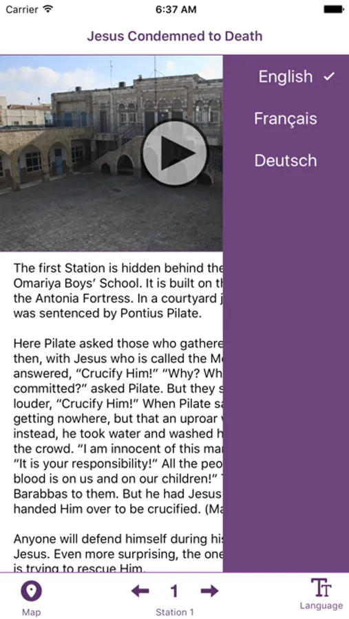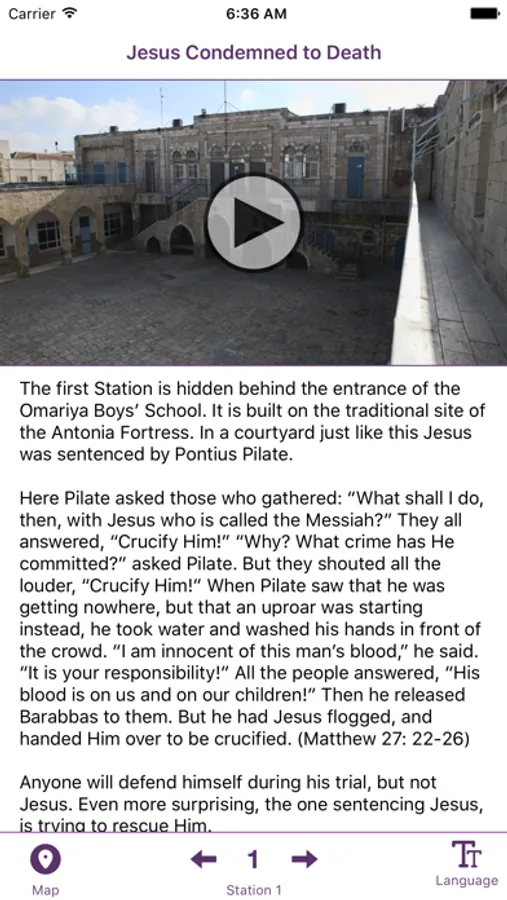 The way of the cross (Via Dolorosa) is a traditional pilgrim's route in Jerusalem that follows the last hours in the life of Jesus along 14 stations. Each station is introduced by a 2 minute inspirational video sequence, including Bible readings, prayers and thought for personal reflection. Every video takes you into the biblical narrative and helps you to reflect and pray on what happened here as it sparks your imagination with fascinating videography of the original sites.
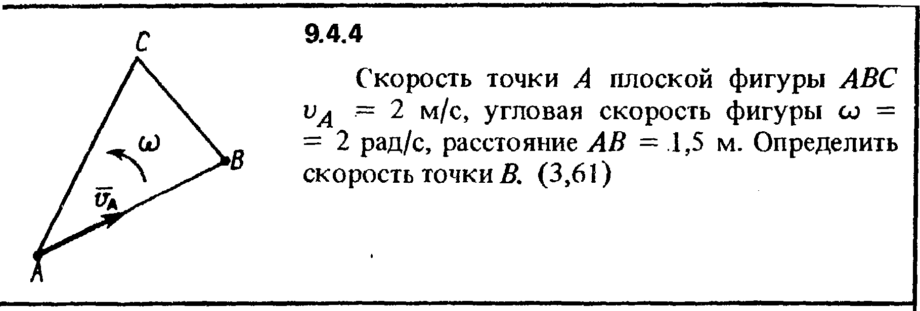 Скорость точки А плоской фигуры АВС vA = 2 м/с, угловая скорость фигуры ω = 2 рад/с, расстояние АВ = 1,5 м. Определить скорость точки В.
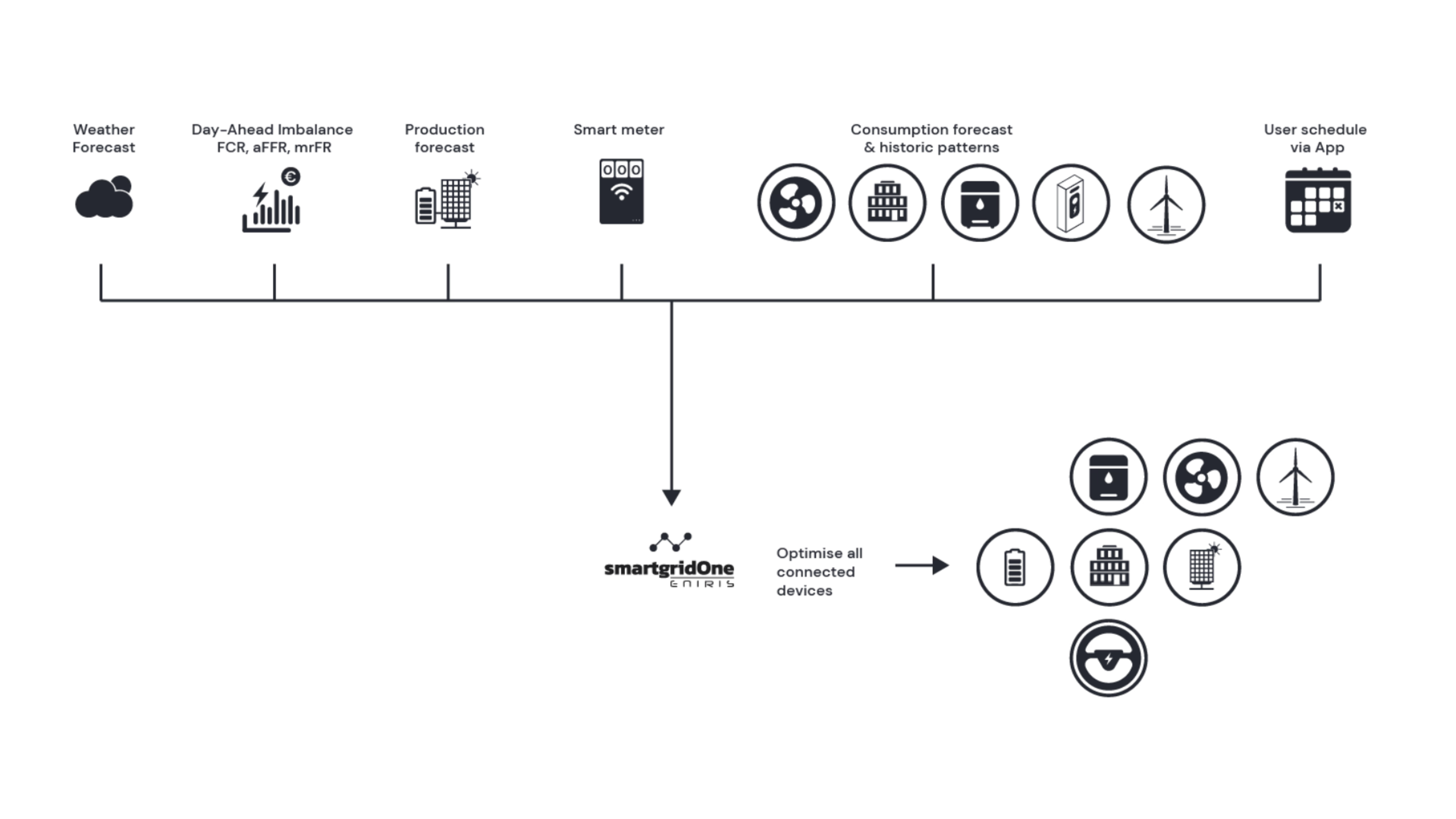 SmartgridOne ist ein modernes Energiemanagementsystem, das elektrische Anlagen – darunter Batteriespeicher, PV-Anlagen, Ladestationen, Wärmepumpen und Lasten – intelligent vernetzt, steuert und optimiert. Dabei kann die Lösung lokal über ein Gerät oder über die Cloud betrieben werden.
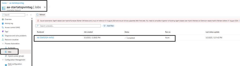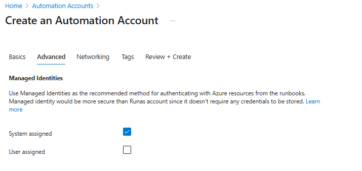 Iremos configurar uma identidade gerenciada para a conta de automação aa-startstopvmtag
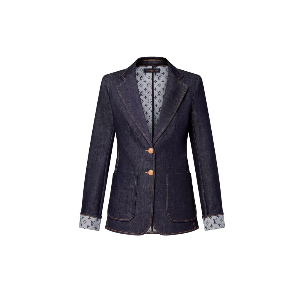 This season’s dark-wash denim blazer riffs on the deconstructed trend, blending preppy tailoring with raw, reimagined codes. Sharp lapels, oversized patch pockets, golden buttons, and a flash of LV’s Monogram print under cuffed sleeves give the polished silhouette an artfully undone edge. $2,440, louisvuitton.co
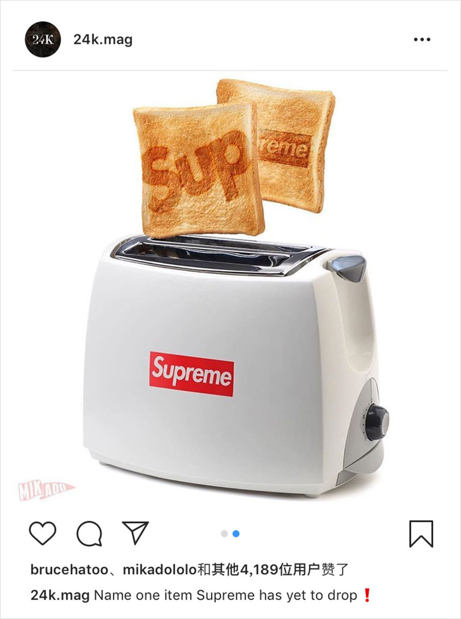 Supreme 的配件单品向来是玩家们的重点系列,近日网路上就曝光出一组 Supreme 的烤面包机。
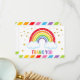 O design do arco-íris apresenta um arco-íris colorido, estrelas cintilantes douradas e confetes (não é brilho real). Digite sua própria nota de agradecimento ou exclua para cartões com verso em branco para escrever à mão sua mensagem pessoal. Para acessar as ferramentas avançadas de edição, vá para “Personalizar”, role para baixo e pressione o link "clique para personalizar ainda mais".

....................

INSTRUCTIONS FOR THE TASK: Leave the images aside and retype each line of the listing above exactly.

RESULT BELOW:
 The way of the cross (Via Dolorosa) is a traditional pilgrim's route in Jerusalem that follows the last hours in the life of Jesus along 14 stations. Each station is introduced by a 2 minute inspirational video sequence, including Bible readings, prayers and thought for personal reflection. Every video takes you into the biblical narrative and helps you to reflect and pray on what happened here as it sparks your imagination with fascinating videography of the original sites.
 Скорость точки А плоской фигуры АВС vA = 2 м/с, угловая скорость фигуры ω = 2 рад/с, расстояние АВ = 1,5 м. Определить скорость точки В.
 SmartgridOne ist ein modernes Energiemanagementsystem, das elektrische Anlagen – darunter Batteriespeicher, PV-Anlagen, Ladestationen, Wärmepumpen und Lasten – intelligent vernetzt, steuert und optimiert. Dabei kann die Lösung lokal über ein Gerät oder über die Cloud betrieben werden.
 Iremos configurar uma identidade gerenciada para a conta de automação aa-startstopvmtag
 This season’s dark-wash denim blazer riffs on the deconstructed trend, blending preppy tailoring with raw, reimagined codes. Sharp lapels, oversized patch pockets, golden buttons, and a flash of LV’s Monogram print under cuffed sleeves give the polished silhouette an artfully undone edge. $2,440, louisvuitton.co
 Supreme 的配件单品向来是玩家们的重点系列,近日网路上就曝光出一组 Supreme 的烤面包机。
 O design do arco-íris apresenta um arco-íris colorido, estrelas cintilantes douradas e confetes (não é brilho real). Digite sua própria nota de agradecimento ou exclua para cartões com verso em branco para escrever à mão sua mensagem pessoal. Para acessar as ferramentas avançadas de edição, vá para “Personalizar”, role para baixo e pressione o link "clique para personalizar ainda mais".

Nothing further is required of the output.